Let the Fed do its job? Umm ... no thanks


Presidential candidate and Congressman Ron Paul has brought the role of the Federal Reserve into focus in a way that it never has been. He has a lot of young voters questioning the Fed's very existence and, in a congressional hearing made famous on YouTube, he referred to Ben Bernanke as a "price fixer."

In a column in the the New York Times, Harvard professor and Mitt Romney advisor N. Gregory Mankiw says everyone should just relax -- Politicians should stop complaining about the risk of a recession and just let the Fed do its job:

Congress made its most important contribution to taming the business cycle back in 1913, when it created the Federal Reserve System. Today, the Fed remains the first line of defense against recession. ... Because housing woes are the source of the current slowdown, the Fed's tool kit is well suited for the task at hand.

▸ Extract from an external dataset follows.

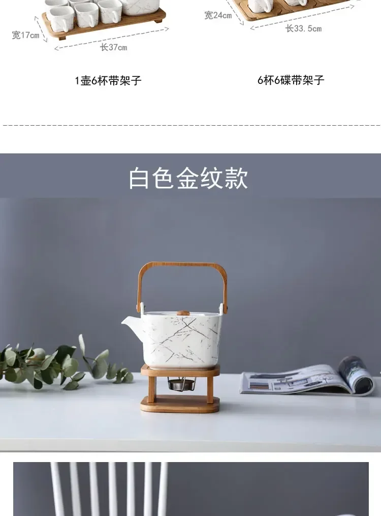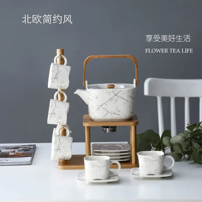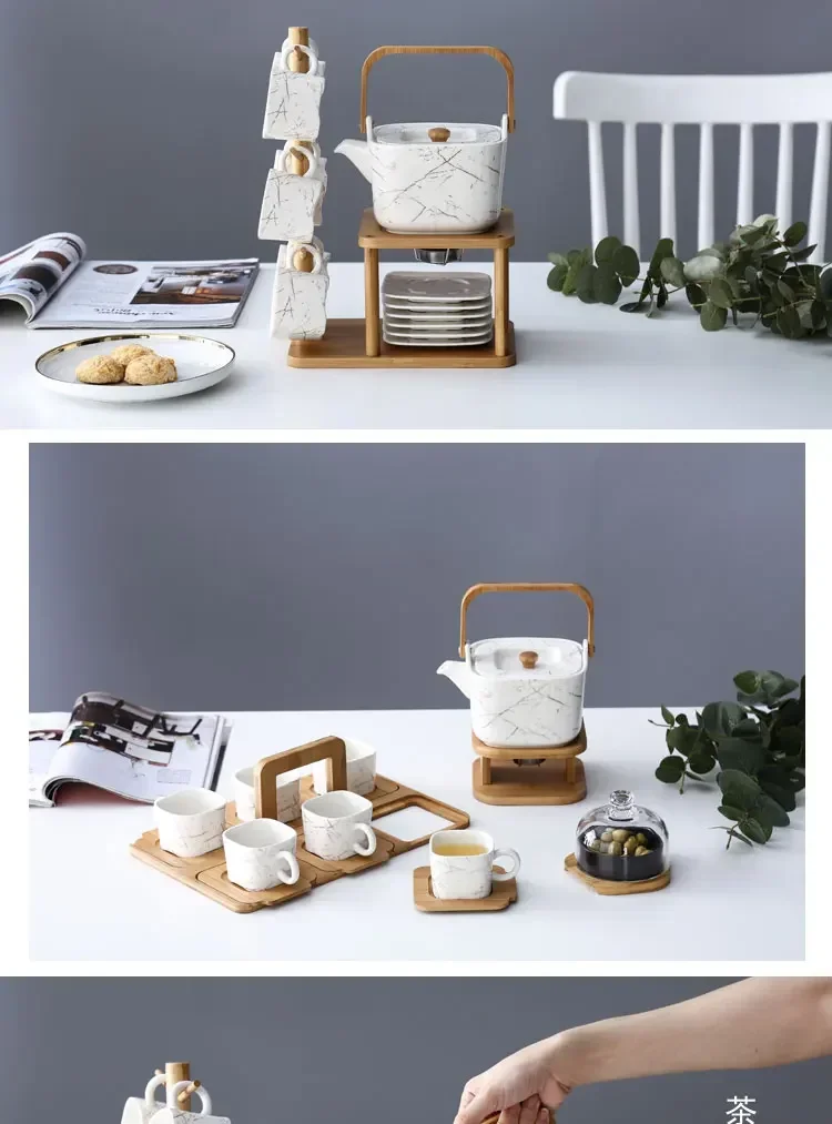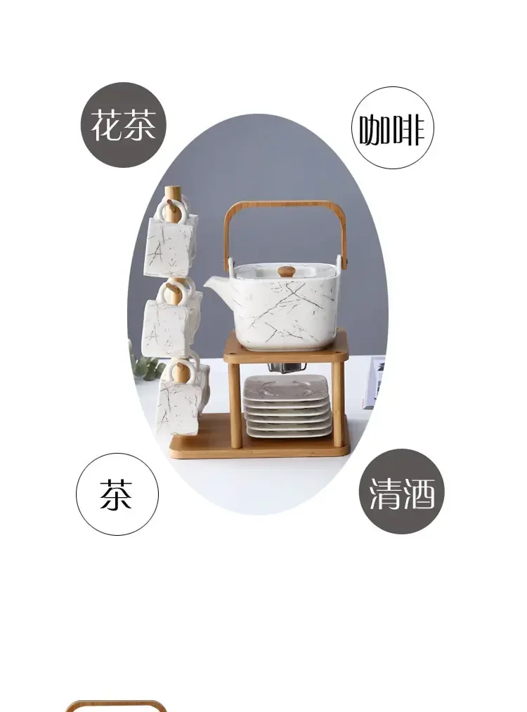 Japanese Ceramic Marble-Effect Teapot & Cup Set with Bamboo Handle and Warmer Stand – 7 Piece Tea & Coffee Set

That all makes perfect sense until you stop and think about the fact that there's a strong argument to be made that it was the Fed that got us into this mess. The notion of "Let's ask the drunk who hit me with his car for a ride to the hospital" is not necessarily one that I subscribe to. Here's what Jim Cramer had to say about all this in a conversation with Ron Paul:

"Now, you have been, I think, spot on in saying that the Federal Reserve created the stock bubble with low margin rates and it created the housing bubble with low mortgage rates, yet I never hear about anyone talking about investigating the Fed in Congress. It's a creature of Congress. Why don't we do it?"

Given that, Ron Paul and others have a pretty good reason to question the power of the Federal Reserve.